┌─ INFORMATION SUPPLIED

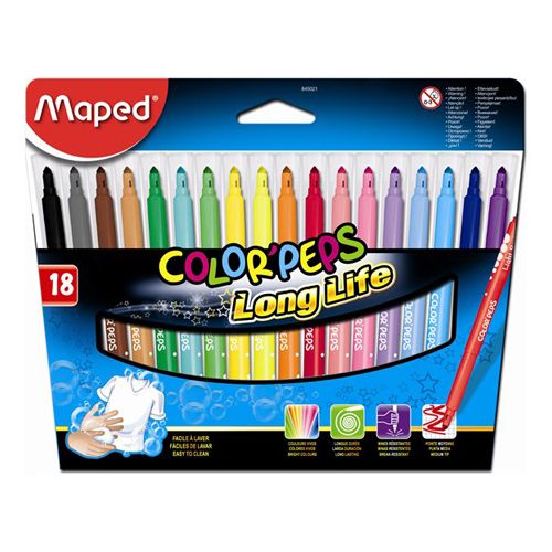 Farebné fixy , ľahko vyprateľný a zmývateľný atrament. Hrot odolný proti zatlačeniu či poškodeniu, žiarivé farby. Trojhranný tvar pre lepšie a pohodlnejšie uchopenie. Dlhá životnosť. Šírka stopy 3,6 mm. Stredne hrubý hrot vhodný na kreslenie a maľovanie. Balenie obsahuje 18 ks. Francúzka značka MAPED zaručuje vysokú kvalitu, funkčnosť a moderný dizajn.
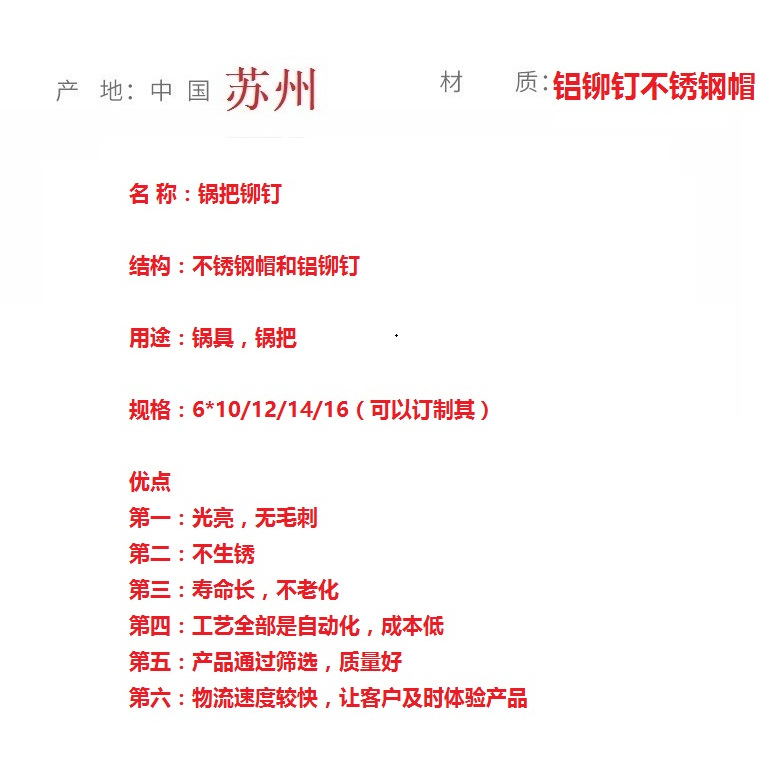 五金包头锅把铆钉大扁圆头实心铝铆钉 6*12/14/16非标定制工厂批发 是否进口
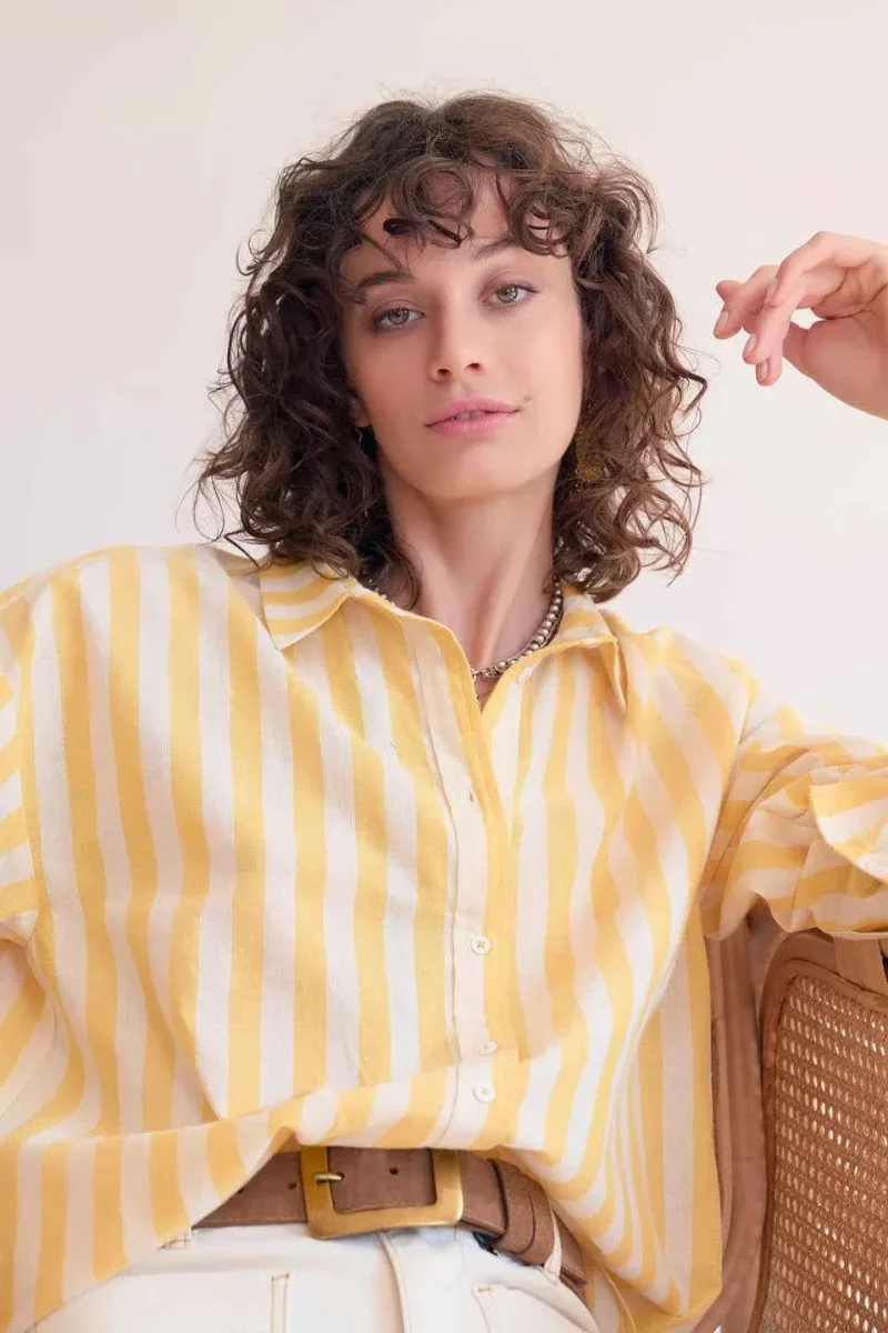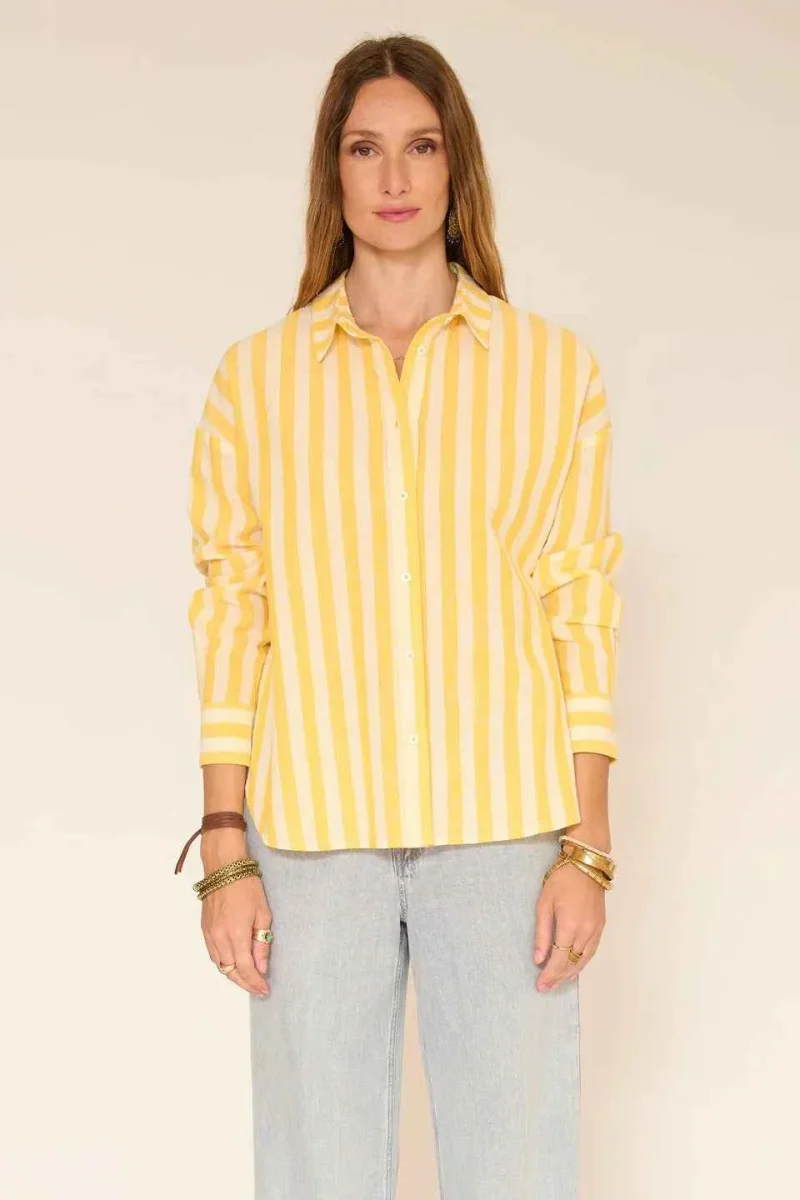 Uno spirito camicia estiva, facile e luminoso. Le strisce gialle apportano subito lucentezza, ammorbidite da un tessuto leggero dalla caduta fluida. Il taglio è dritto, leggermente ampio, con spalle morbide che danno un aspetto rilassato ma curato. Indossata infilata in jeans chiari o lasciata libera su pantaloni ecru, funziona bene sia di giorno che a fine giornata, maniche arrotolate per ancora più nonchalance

└─
┌─ INFORMATION SUPPLIED

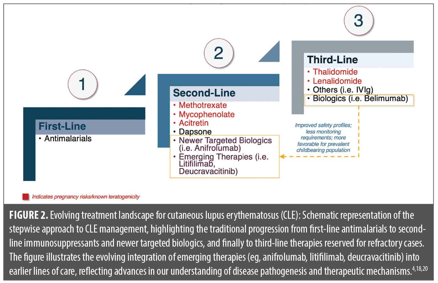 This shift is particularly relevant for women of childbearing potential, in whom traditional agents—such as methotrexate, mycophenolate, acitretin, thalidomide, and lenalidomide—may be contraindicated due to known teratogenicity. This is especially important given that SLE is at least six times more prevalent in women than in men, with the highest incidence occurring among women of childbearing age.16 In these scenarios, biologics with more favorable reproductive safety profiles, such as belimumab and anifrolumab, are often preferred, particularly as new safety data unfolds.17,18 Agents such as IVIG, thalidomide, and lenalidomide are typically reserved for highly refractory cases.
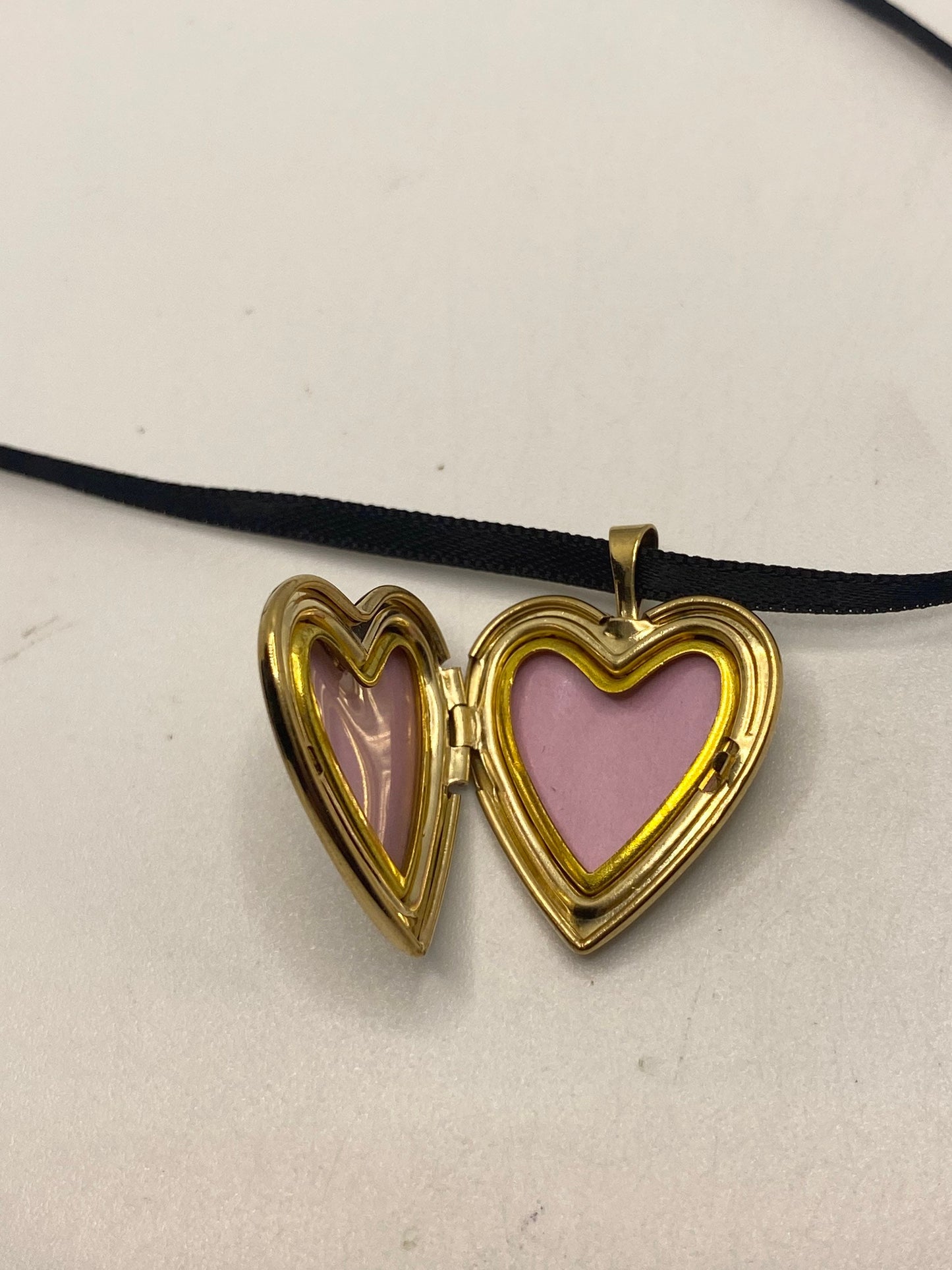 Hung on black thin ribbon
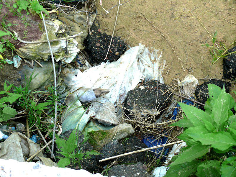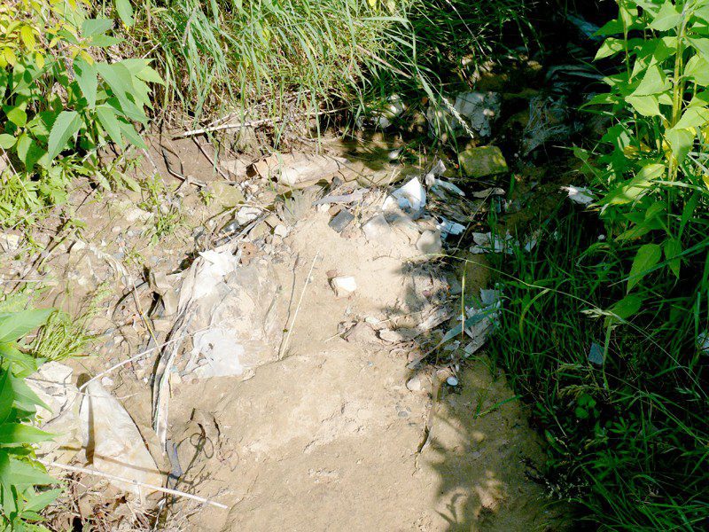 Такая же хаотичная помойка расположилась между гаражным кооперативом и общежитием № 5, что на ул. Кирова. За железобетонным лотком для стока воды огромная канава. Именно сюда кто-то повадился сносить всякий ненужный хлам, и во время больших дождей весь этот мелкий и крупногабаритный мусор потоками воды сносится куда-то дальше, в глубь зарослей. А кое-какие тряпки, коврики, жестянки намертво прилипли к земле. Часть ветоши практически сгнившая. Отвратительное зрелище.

└─

▶ **WORK INSTRUCTION**: Excerpt from the records above: set down only the lines from the one that contains "Hung on black thin ribbon" through the one that contains "Такая же хаотичная", inclusive, word for word. Pictures stay out.

▶ **ANSWER**:
 Hung on black thin ribbon
 Такая же хаотичная помойка расположилась между гаражным кооперативом и общежитием № 5, что на ул. Кирова. За железобетонным лотком для стока воды огромная канава. Именно сюда кто-то повадился сносить всякий ненужный хлам, и во время больших дождей весь этот мелкий и крупногабаритный мусор потоками воды сносится куда-то дальше, в глубь зарослей. А кое-какие тряпки, коврики, жестянки намертво прилипли к земле. Часть ветоши практически сгнившая. Отвратительное зрелище.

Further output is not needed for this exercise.